The ~/plan-samples/plan-environment-derived-params.yaml plan environment file defines several CPU and memory allocation workload profile defined under hci_profile_config. The hci_profile parameter sets which workload profile is enabled; for example, if you are using NFV, set hci_profile: nfv_default.

You can also define a custom profile in your own plan environment file using the same syntax. For example, to define a new profile named my_workload:

The average_guest_memory_size_in_mb and average_guest_cpu_utilization_percentage parameters in each workload profile will calculate values for the reserved_host_memory and cpu_allocation_ratio settings of Compute. These values are calculated based on Red Hat recommendations, and are similar to calculations made manually in previous releases (in particular, Reserve CPU and Memory Resources for Compute).

4.1.1. Override Calculated Settings for Memory or CPU Allocation

You can override the Compute settings automatically defined by OpenStack Workflow through another environment file. This is useful if you want to only override either reserved_host_memory or cpu_allocation_ratio and let OpenStack Workflow define the other. Consider the following snippet:

parameter_defaults:
  ComputeHCIParameters:
    NovaReservedHostMemory: 181000  1
  ComputeHCIExtraConfig:
    nova::cpu_allocation_ratio: 8.2  2
1
The NovaReservedHostMemory parameter sets how much RAM should be reserved for the Ceph OSD services and per-guest instance overhead on hyper-converged nodes.
2
The nova::cpu_allocation_ratio: parameter sets the ratio that the Compute scheduler should use when choosing which Compute node to deploy an instance.

The ComputeHCIParameters and ComputeHCIExtraConfig hooks apply their nested parameters to all nodes that use the ComputeHCI role (namely, all hyper-converged nodes). For more information about manually determining optimal values for NovaReservedHostMemory and nova::cpu_allocation_ratio:, see Section A.2, “Compute CPU and Memory Calculator”.

4.2. Reduce Ceph Backfill and Recovery Operations

When a Ceph OSD is removed, Ceph uses backfill and recovery operations to rebalance the cluster. Ceph does this to keep multiple copies of data according to the placement group policy. These operations use system resources. If a Ceph cluster is under load its performance will drop as it diverts resources to backfill and recovery.

To mitigate this performance effect during OSD removal, you can reduce the priority of backfill and recovery operations.

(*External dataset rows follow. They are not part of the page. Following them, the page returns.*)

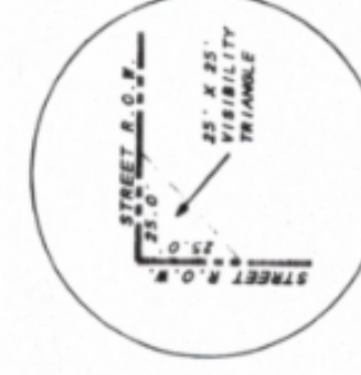
VISIBILITY TRIANGLE EASEMENT (TYPICAL ALL INTERSECTIONS)

THE RESULTS OF A WATER AVAILABILITY STUDY PERFORMED ON THIS TRACT IN ACCORDANCE WITH THE REQUIREMENTS OF PARKER COUNTY, TEXAS INDICATES ADEQUATE GROUNDWATER TO SERVE THE SUBDIVISION.
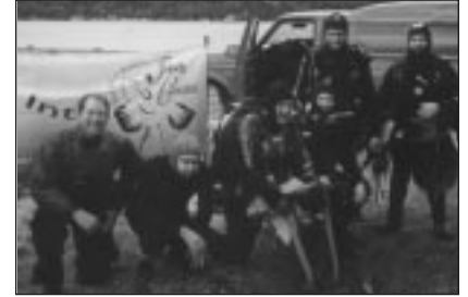
Volunteers from the Poulsbo Marine Science Center survey at Point White Pier on Bainbridge Island, WA.

To learn more about the REEF Fish Survey Project visit www.reef.org .
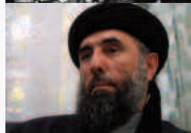
General Bosco Ntaganda, Democratic Republic of Congo.
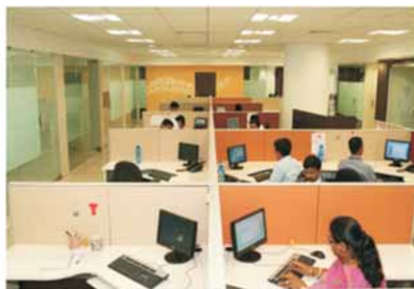
MKCL Office at ICC ‘B’ Wing
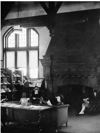
Students using the Pembroke Library on the third floor of Pembroke Hall.

Like many institutions in the late 1960s, Brown reformed its undergraduate curriculum in response to far-ranging concerns about the relationships of academic learning to questions of social justice, of democratic governance, of war and peace. Unlike that of most other institutions, Brown's reformed curriculum of 1969 was so well conceived, so smart in the structural mechanisms it provided for the fostering of liberal learning, that more than forty years later it remains the "New Curriculum" for undergraduate education. 2 The curricular changes brought dramatic results: Brown became highly competitive among undergraduates, and the institution became known as a place for exciting intellectual work. The University had embraced a powerful idea—the idea that guided the "Modes of Thought" courses so important to the New Curriculum: that how we know, how we think, is no less important than what we know.
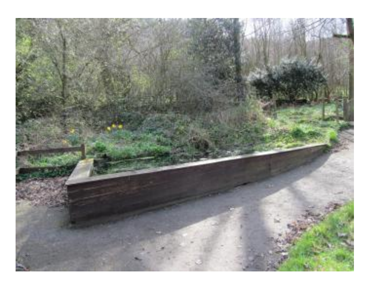
Raised pond in Wildlife Garden
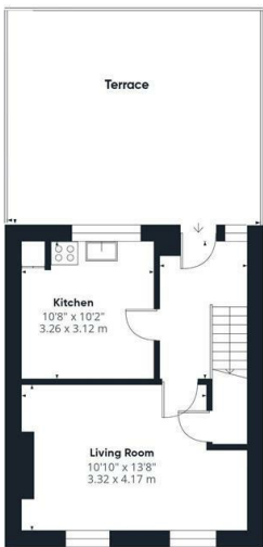
First Floor (Maisonette)
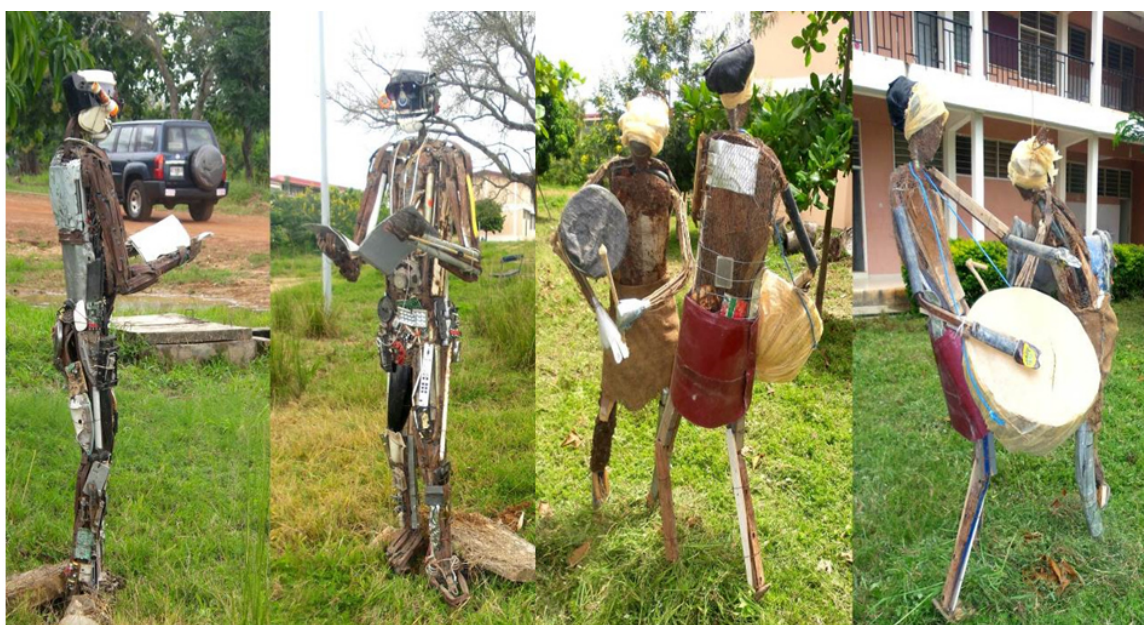
Figure 5. Mixed-media assemblages
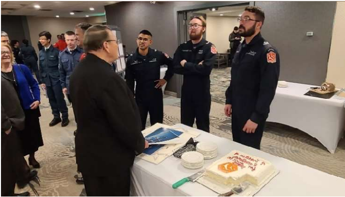
Snowbirds technicians meet with attendees before cutting of the Snowbirds' Over 50th Anniversary cake
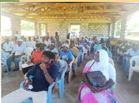
Kibarani Ward residents attending a Citizen public Participation Forum..
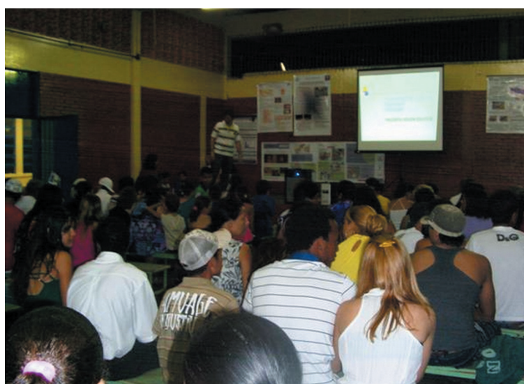
Figure 3- Production chain in health, knowledge and value hierarchy of the university to the community
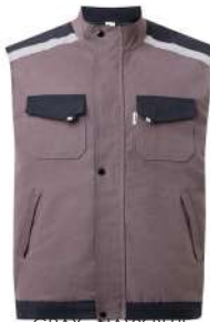
GRAY - NAVY BLUE
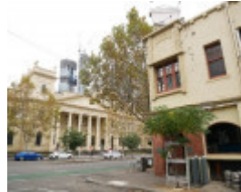
2022 view to trades hall
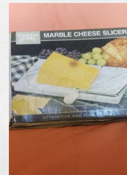
Marble Cheese Board SAPC-21-08-0021 $2,000.00
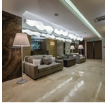
› MFC Capital City
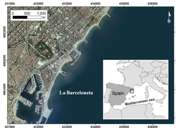
Fig. 1. Localization of La Barceloneta beach. The beach presents the morphological configuration before the construction of the detached breakwater.

The city of Barcelona is located in the north-western Mediterranean (Fig. 1) and has approximately 13 Km of coastline containing the city harbour in the southernmost part of the city, three marinas and more than 3 km of beaches. These beaches were created as a part of the renewal plan that took place in the zone for the 1992 Olympic Games.
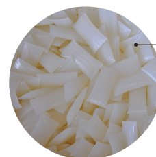
PILLOWS* Ideal for manual handling and scooping into hot melt dispensing equipment, proven to increase melt rate
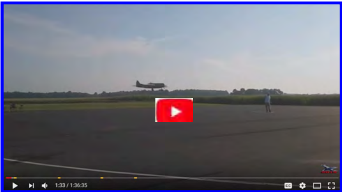
Top 5 Flyoff
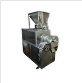
Cheese Ball Extruder
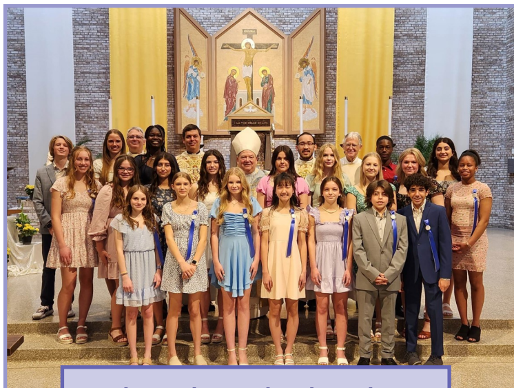
8th Grade Graduating Class

Keep in mind that the trade off for this is that there are less data replicas for a longer time, which puts the data at a slightly greater risk.

To configure the priority of backfill and recovery operations, add an environment file named ceph-backfill-recovery.yaml to ~/templates containing the following:

parameter_defaults:
  CephConfigOverrides:
    osd_recovery_op_priority: 3  1
    osd_recovery_max_active: 3  2
    osd_max_backfills: 1  3
1
The osd_recovery_op_priority sets the priority for recovery operations, relative to the OSD client OP priority.
2
The osd_recovery_max_active sets the number of active recovery requests per OSD, at one time. More requests will accelerate recovery, but the requests place an increased load on the cluster. Set this to 1 if you want to reduce latency.
3
The osd_max_backfills sets the maximum number of backfills allowed to or from a single OSD.
Important

The values used in this sample are the current defaults. You do not need to add ceph-backfill-recovery.yaml to your deployment unless you plan to use different values.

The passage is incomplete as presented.